Une école très-ancienne de poëtes toscans a été découverte en ces dernières années, qui permet d'observer, au XIIe siècle, dans le cercle de Florence, la formation de l'italien. Dans le mémoire qu'il consacre à Gherardo de Florence et à ses disciples Aldobrando de Sienne, Bruno de Thoro et Lanfranco de Gênes, le comte Carlo Baudi de Vesme met en lumière les commencements d'une tradition au terme de laquelle a dominé le génie de Dante245. Plusieurs documents tirés de la bibliothèque d'Arboréa, en Sardaigne, de l'Archivio Centrale de Florence et des archives de Sienne, ont fourni, soit les pièces poétiques, soit les indications biographiques sur lesquelles se fonde la thèse de M. Baudi de Vesme246. La diversité de ces sources est un argument très-fort en faveur de l'authenticité des pièces, sur lesquelles des doutes ont été cependant élevés247. Ces vieilles poésies, si longtemps enfouies, ne remplissent pas les conditions morales des ouvrages apocryphes; elles ont dormi modestement, et leur réveil n'ajoute pas un chapitre bien curieux à l'histoire littéraire. Toutefois, la date des manuscrits, qui remontent à la première moitié du XVe siècle, permet au moins d'expliquer une singularité qui n'a pas attiré l'attention du savant éditeur, et d'en modifier le jugement sur un point considérable. Arrêtons-nous donc particulièrement près des deux maîtres de ce groupe singulier, Gherardo et Aldobrando.

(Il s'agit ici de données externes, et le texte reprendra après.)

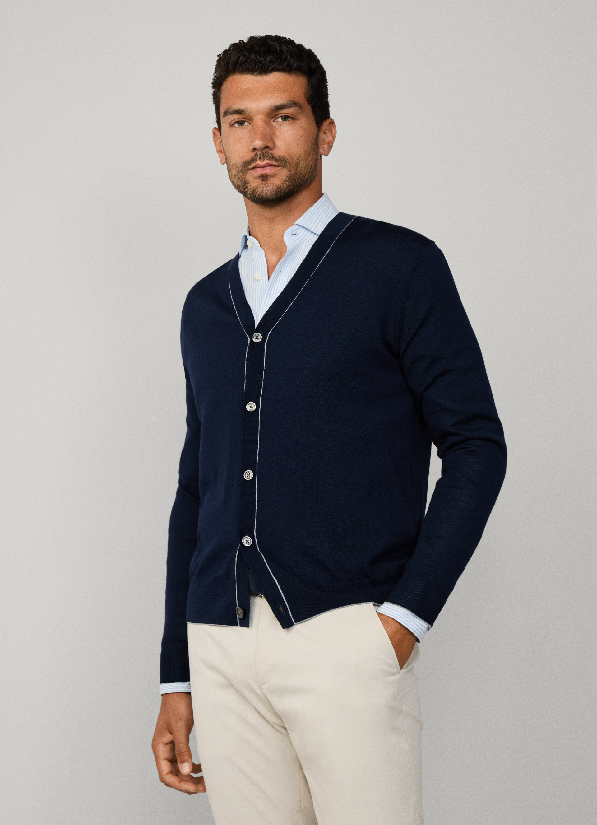 - Strickjacke aus Merinowolle und Seide, stückgefärbt, mit 'Hackett'-Markenknöpfen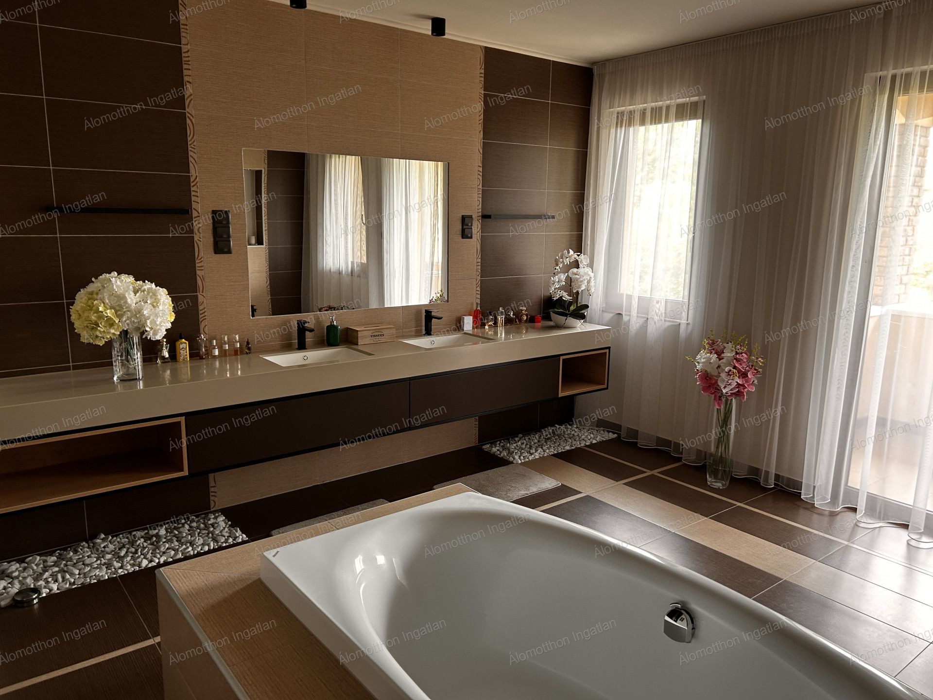 Az egyik szobaban külen kiépitésre került még egy fürdőszoba mellékhelyiséggel 4 nm-es loggia, szeparált gardróbbal .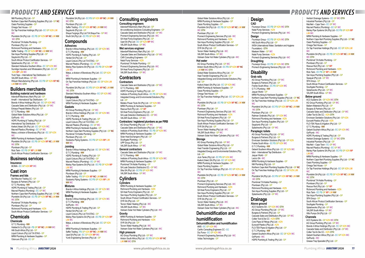 76 Plumbing Africa DIRECTORY 2026 www. plumbingafrica. co. za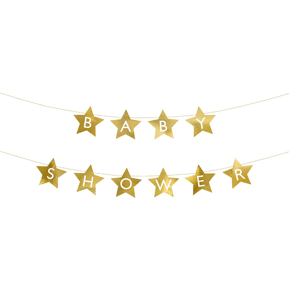 DIY Girlang Babyshower Guld är en girlang med guldstjärnor med bokstäver i vitt som bokstaverar "Baby Shower". Girlangen går att ha som en lång girlang eller uppdelad till två.
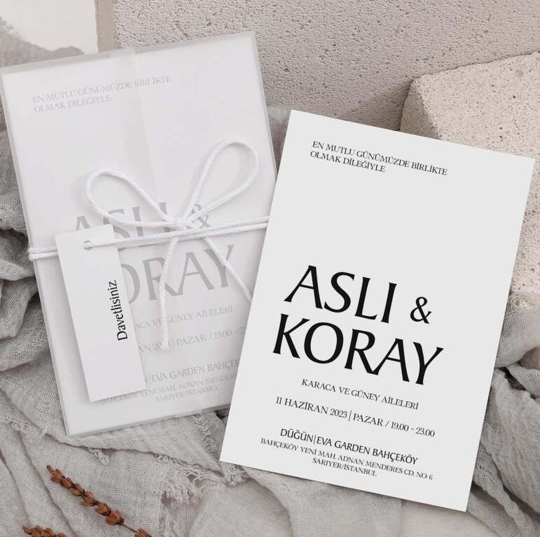 1. Sade davetiye, minimal tasarımıyla yazı ve grafik detayların net şekilde öne çıkmasını sağlar.

Gherardo était né à Florence, à la fin du XIe siècle. Il y tint école vers 1120. A cette époque, il y avait dans cette cité beaucoup de «personnes doctes». Gherardo était du nombre. «Fuit poeta etiam in dicto sermone italico.» Son élève Bruno l'appelle: «O famoso Cantor, meo Maestro e Duce!» Mais ses disciples l'ont bien dépassé. Lanfranco vint jeune à Florence, et vieillit en Sardaigne, où il mourut, en 1162, dans les bras de son ami Bruno. Celui-ci, né en Sardaigne, élevé à Pise par son père248, puis auditeur de Gherardo à Florence, accompagna en Terre-Sainte son patron, le juge ou tyran d'Arboréa; il passa d'ailleurs presque toute sa vie dans son île natale, où il mourut en 1206. Aldobrando naquit à Sienne en 1112, et mourut exilé à Palerme, en 1186. Après être sorti de l'école de Gherardo, il enseigna les lettres à Florence. Le vieux biographe ajoute: «Jam ab juventute magno amore exarsus ob suam linguam italicam, ad eam incubuit, magnam operam ob id ponens; ita quod, carmina latina spernens, in quibus valde peritus erat, italico sermone varia carmina scripsit.» Il était versé dans les Saintes Écritures et la théologie. «Cognovit peroptime linguam latinam, et studuit etiam propriam sue patrie, quam auxit, expurgavit, ornavit et expolivit, ita quod superavit magistrum suum Gherardum, et omnes suos coevos.» Mais sa vie fut des plus agitées. Il était contemporain de la Ligue lombarde, et mêlé au parti guelfe. C'est peut-être pourquoi l'irascible Dante a oublié son nom. Il chanta la victoire de Legnano (1176) et le triomphe d'Alexandre III, son compatriote.

 
«… Infra cittadi tutte la sorbella (bellissima)
Dolce mia patria Sena.»
 

Il traita le «bon Barberousse» de Dante d'«infernale fero dragon brutale» et de «volpone» (volpe). Il flétrit, en fidèle serviteur du Saint-Siége, la mémoire d'Arnaud de Brescia:

 
«Or del fellon Arnaldo già vicina
Prevedeste la ruina,
E manti pur toglieste all'infernale
Sentina d'onne male.»
 

Mais le tumulte du XIIe siècle ne l'a pas empêché d'aimer, d'écrire des sonnets d'amour, et de chanter la grâce des jeunes filles:

 
«Venti e più vidi giovane giojose
In dilettoso giardino ameno,
Ove, poi colte le vermiglie rose,
Ed altri fiori, ne abellavan seno.»
 

La langue de son maître Gherardo, dont les exemplaires sont moins nombreux, était autrement archaïque et rude: il faut, pour l'entendre, en recomposer d'abord les mots, en débrouiller l'orthographe, enfin, la traduire. Ainsi, ces vers:

 
«… Magioini chesti
Lifiori racatar se meza atica
Ese pan confuso acuta guisa,»
 

sont lus par M. Baudi de Vesme:

 
«… Ma giorni chesti
Li Fiori racatar semenza antica,
E separan confuso a tutta guisa;»
 

et traduits: «Ma in questi giorni Firenze racquistò l'antica semenza, e in ogni maniera separa ciò che confodesti.»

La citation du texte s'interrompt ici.